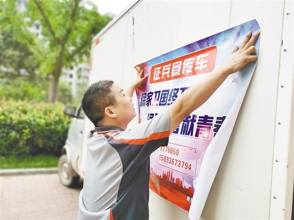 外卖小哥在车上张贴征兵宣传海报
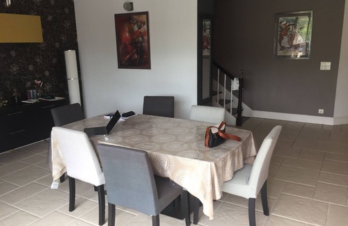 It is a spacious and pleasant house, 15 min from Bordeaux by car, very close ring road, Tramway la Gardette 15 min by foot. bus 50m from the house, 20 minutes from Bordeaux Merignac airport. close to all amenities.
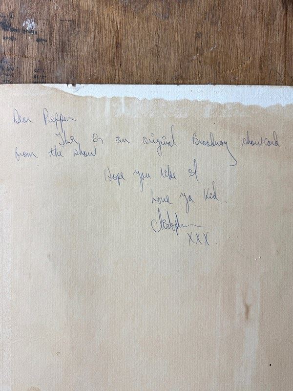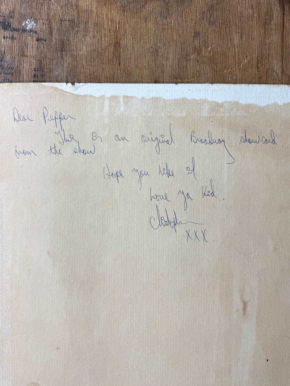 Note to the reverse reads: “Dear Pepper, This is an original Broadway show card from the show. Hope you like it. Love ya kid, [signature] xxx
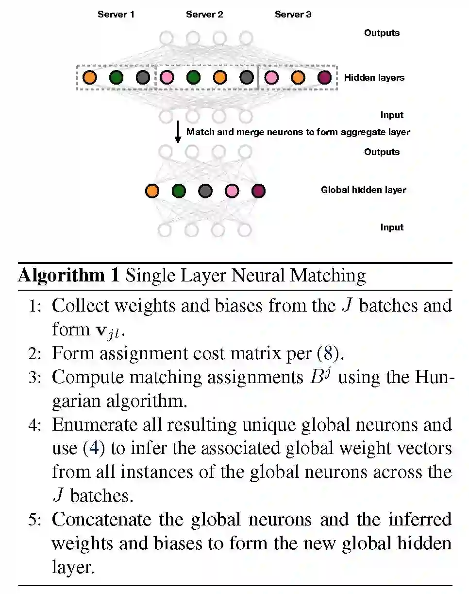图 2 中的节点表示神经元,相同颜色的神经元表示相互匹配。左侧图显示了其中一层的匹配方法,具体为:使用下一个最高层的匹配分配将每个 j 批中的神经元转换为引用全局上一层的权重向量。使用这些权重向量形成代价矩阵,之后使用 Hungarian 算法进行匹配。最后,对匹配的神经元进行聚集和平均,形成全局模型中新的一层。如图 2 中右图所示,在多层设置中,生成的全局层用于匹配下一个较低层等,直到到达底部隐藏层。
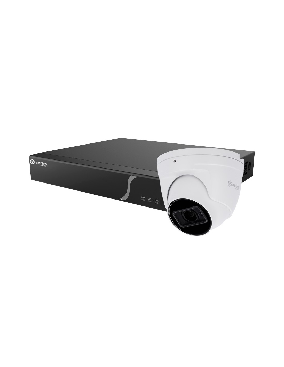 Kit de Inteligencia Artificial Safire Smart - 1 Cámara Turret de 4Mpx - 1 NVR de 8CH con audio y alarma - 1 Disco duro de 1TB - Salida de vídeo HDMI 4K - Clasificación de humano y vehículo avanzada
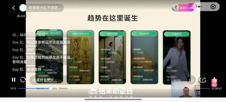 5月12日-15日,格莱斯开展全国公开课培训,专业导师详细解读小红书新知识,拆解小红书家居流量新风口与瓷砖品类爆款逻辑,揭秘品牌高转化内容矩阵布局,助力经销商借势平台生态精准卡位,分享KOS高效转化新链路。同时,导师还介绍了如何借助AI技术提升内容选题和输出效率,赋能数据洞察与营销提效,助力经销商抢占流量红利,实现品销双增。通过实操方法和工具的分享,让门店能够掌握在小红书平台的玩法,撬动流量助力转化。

----

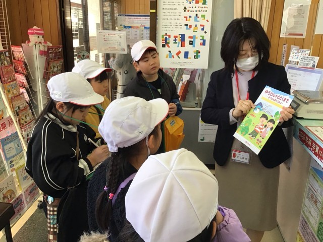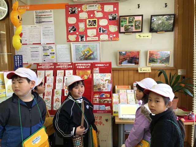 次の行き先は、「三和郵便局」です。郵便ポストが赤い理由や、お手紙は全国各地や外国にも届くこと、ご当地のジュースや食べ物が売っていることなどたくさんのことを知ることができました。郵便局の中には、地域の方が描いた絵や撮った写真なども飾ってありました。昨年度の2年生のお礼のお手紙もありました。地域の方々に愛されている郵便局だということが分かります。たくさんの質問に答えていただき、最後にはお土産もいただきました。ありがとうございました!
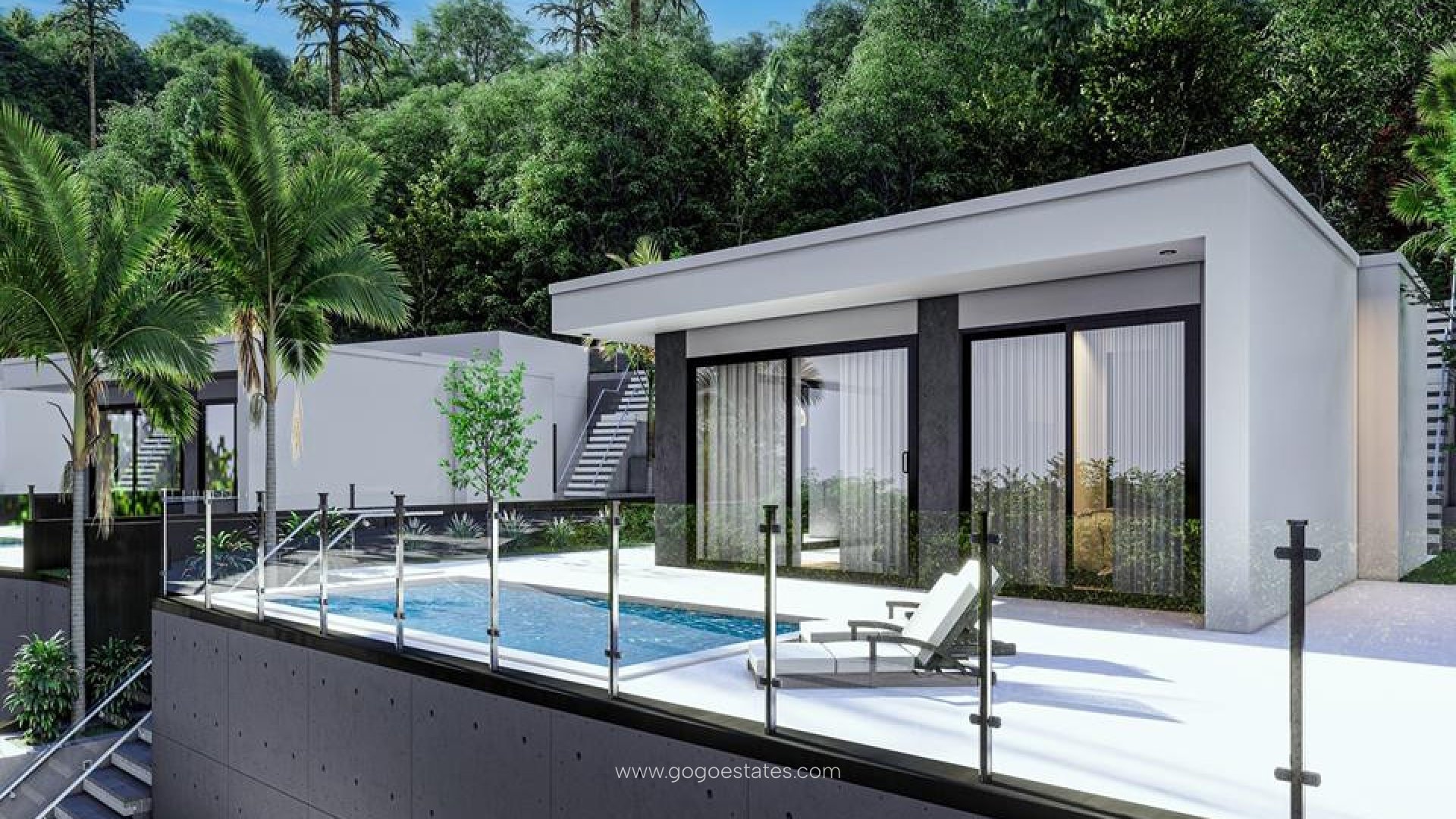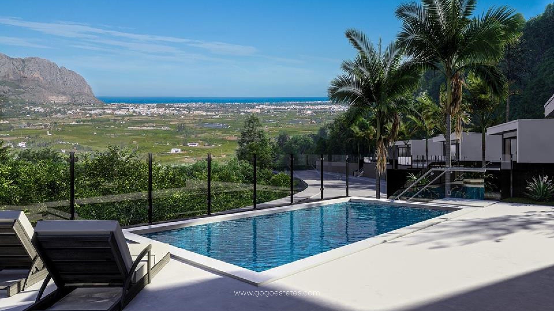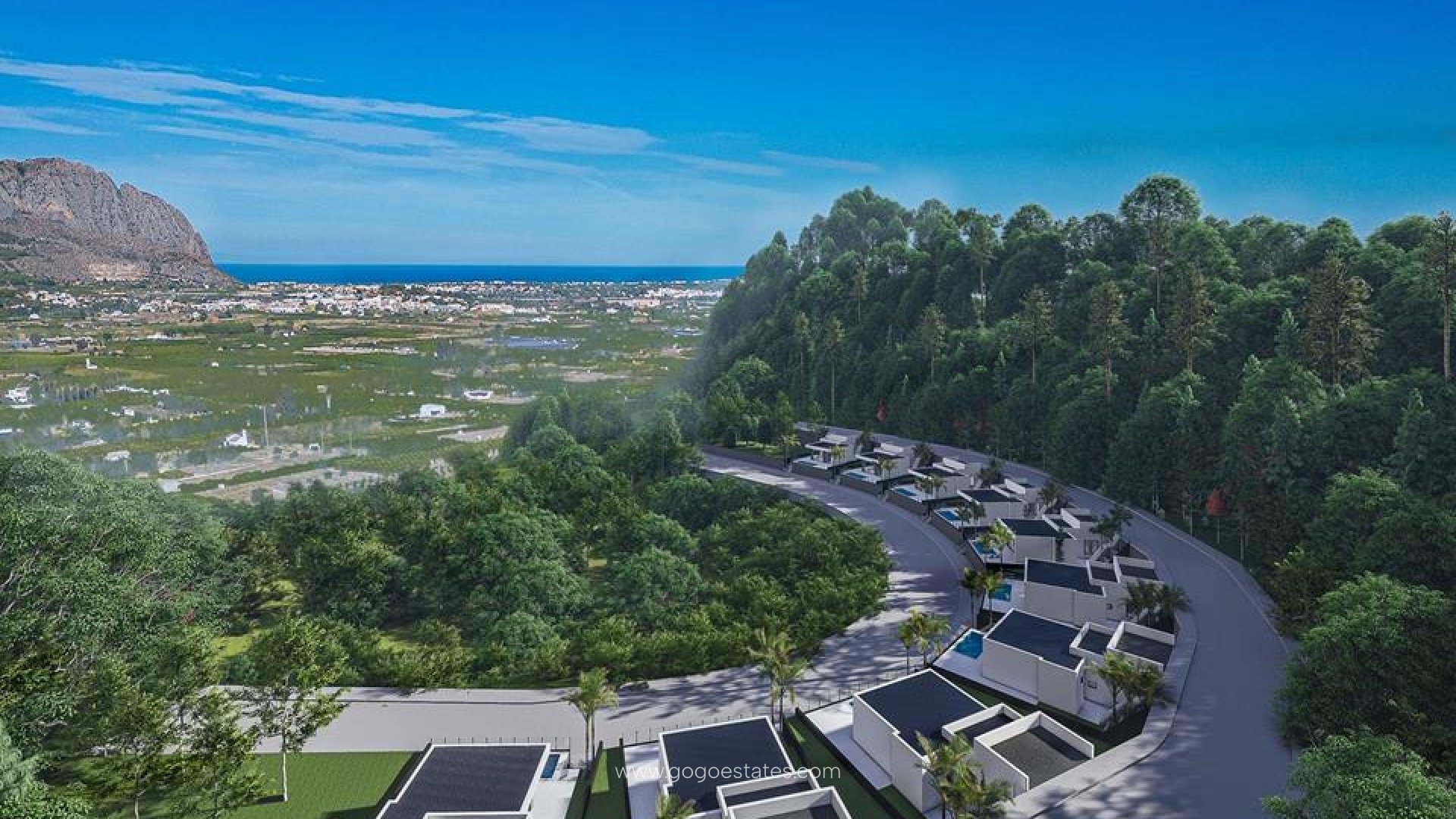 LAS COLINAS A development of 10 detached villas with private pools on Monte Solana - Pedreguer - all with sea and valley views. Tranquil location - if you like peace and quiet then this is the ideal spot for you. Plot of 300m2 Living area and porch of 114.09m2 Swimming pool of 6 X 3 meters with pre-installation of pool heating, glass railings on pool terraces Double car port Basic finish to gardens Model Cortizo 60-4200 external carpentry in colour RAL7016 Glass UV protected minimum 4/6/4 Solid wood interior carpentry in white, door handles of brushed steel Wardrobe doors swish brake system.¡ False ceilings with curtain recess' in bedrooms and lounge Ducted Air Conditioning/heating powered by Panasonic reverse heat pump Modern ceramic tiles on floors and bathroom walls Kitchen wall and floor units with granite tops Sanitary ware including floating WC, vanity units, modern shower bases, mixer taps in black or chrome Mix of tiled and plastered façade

----

[About this task] Set down word for word the lines above from the one with "外卖小哥在车上张贴征兵宣传海报" up to and including the one with "5月12日-15日,格莱斯开". Omit every picture.

[Solution for this exercise]
 外卖小哥在车上张贴征兵宣传海报
 It is a spacious and pleasant house, 15 min from Bordeaux by car, very close ring road, Tramway la Gardette 15 min by foot. bus 50m from the house, 20 minutes from Bordeaux Merignac airport. close to all amenities.
 Note to the reverse reads: “Dear Pepper, This is an original Broadway show card from the show. Hope you like it. Love ya kid, [signature] xxx
图 2 中的节点表示神经元,相同颜色的神经元表示相互匹配。左侧图显示了其中一层的匹配方法,具体为:使用下一个最高层的匹配分配将每个 j 批中的神经元转换为引用全局上一层的权重向量。使用这些权重向量形成代价矩阵,之后使用 Hungarian 算法进行匹配。最后,对匹配的神经元进行聚集和平均,形成全局模型中新的一层。如图 2 中右图所示,在多层设置中,生成的全局层用于匹配下一个较低层等,直到到达底部隐藏层。
 Kit de Inteligencia Artificial Safire Smart - 1 Cámara Turret de 4Mpx - 1 NVR de 8CH con audio y alarma - 1 Disco duro de 1TB - Salida de vídeo HDMI 4K - Clasificación de humano y vehículo avanzada
 5月12日-15日,格莱斯开展全国公开课培训,专业导师详细解读小红书新知识,拆解小红书家居流量新风口与瓷砖品类爆款逻辑,揭秘品牌高转化内容矩阵布局,助力经销商借势平台生态精准卡位,分享KOS高效转化新链路。同时,导师还介绍了如何借助AI技术提升内容选题和输出效率,赋能数据洞察与营销提效,助力经销商抢占流量红利,实现品销双增。通过实操方法和工具的分享,让门店能够掌握在小红书平台的玩法,撬动流量助力转化。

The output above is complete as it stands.